The difficult part is converting your self-signed certificate to the proper registry format. Here's how I did that:
  • On a regular PC, use Internet Explorer to go to a website with the certificate that you want to install on your mobile device (typically this will be Outlook Web Access or something). Open the certificate and install it on your local PC (let the certificate import wizard automatically place the certificate in whatever store it finds necessary).

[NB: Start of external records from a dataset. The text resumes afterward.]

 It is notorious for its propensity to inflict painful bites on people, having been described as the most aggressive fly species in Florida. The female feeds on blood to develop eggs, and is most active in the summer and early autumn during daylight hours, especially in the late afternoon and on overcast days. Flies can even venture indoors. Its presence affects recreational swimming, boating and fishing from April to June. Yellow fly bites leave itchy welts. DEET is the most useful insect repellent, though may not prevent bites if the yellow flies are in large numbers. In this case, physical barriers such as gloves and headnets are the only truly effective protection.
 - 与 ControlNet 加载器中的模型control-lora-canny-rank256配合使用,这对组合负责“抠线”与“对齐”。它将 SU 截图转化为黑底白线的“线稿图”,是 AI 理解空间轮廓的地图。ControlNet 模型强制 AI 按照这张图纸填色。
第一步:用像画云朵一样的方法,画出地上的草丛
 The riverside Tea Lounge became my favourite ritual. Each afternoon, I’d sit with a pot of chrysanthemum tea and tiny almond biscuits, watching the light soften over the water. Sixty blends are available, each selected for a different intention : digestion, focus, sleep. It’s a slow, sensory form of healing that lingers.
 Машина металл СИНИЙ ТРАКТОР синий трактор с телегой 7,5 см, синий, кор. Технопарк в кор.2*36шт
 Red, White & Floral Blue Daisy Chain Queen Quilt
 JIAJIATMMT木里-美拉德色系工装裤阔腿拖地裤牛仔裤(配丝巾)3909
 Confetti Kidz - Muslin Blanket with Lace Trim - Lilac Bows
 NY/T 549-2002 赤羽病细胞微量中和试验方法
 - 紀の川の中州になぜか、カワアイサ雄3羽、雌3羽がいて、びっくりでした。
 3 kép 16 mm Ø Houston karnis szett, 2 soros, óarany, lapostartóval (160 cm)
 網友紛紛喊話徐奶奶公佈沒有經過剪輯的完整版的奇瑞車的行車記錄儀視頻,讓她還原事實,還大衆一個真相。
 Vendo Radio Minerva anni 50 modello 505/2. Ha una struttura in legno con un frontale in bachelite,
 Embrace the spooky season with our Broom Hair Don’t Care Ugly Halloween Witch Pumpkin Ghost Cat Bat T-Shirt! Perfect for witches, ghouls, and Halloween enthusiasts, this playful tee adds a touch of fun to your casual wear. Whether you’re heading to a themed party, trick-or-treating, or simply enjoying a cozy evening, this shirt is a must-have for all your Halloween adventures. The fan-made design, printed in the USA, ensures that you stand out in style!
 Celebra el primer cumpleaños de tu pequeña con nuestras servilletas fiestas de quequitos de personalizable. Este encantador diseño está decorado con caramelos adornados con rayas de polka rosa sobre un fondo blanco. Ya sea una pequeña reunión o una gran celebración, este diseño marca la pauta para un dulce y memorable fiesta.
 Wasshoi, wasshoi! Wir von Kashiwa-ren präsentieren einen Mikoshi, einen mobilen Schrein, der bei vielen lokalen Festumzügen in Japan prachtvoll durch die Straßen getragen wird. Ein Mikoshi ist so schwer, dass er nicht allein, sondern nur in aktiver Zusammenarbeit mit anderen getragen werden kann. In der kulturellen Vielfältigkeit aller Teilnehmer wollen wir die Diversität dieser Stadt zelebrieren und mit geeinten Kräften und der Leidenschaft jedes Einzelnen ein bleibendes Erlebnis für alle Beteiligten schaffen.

  • View the certificate (in Internet Explorer or by using the Certificate MMC) and go to the "Details" tab. There you will find the "Thumbprint" of the algorithm. You will need to look up this number in a few moments, so be sure to remember the first few digits. In the case for the company I work for, the thumbprint is "824af72ab8somethingsomething".

  • Open your registry editor and go to the following location:

    HKEY_CURRENT_USER\Software\Microsoft\SystemCertificates\Root\Certificates\

    There should be a registry key that has the thumbprint of your certificate as its name:


    Rightclick that registry key and click "Export...". Choose a location for the exported registry data.

  • Next, open the registry export in Notepad. Replace the registry key location (between the square brackets) to HKEY_LOCAL_MACHINE\Comm\Security\SystemCertificates\Root\Certificates\ followed by the thumbprint. Next, replace the first 12 bytes in the "Blob" registry value by: hex:19,00,00,00,01,00,00,00,10,00,00,00.

  • Your result should look like this:
    Windows Registry Editor Version 5.00

    [HKEY_LOCAL_MACHINE\Comm\Security\SystemCertificates\Root\Certificates\824AF72AB87E17AC777098A4164D7A90C90C0D69]
    "Blob"=hex:19,00,00,00,01,00,00,00,10,00,00,00,4f,e5,c4,01,4e,7d,89,4a,da,42,\
    3f,f7,24,0f,7f,a2,19,00,00,00,01,00,00,00,10,00,00,00,cb,bc,40,37,8a,45,2c,\
    ...
    Compare this with the original registry export that I have shown above, the differences are shown in bold.

  • Save the registry file, copy it to your mobile device and import it there. Voila! Finished!
You can use the "Certificates" control panel to verify that your certificate is properly recognized!

Note: you must either restart the ActiveSync process on your device because it will not immediately recognize the new certificate; you can kill the ActiveSync process or restart your device (but first wait at least a few minutes such that Windows Mobile can commit your registry changes to memory!).

Obviously, this is completely not supported or endorsed by anybody on this planet. Perform these actions at your own risk and be sure you know what to do in case you brick your device!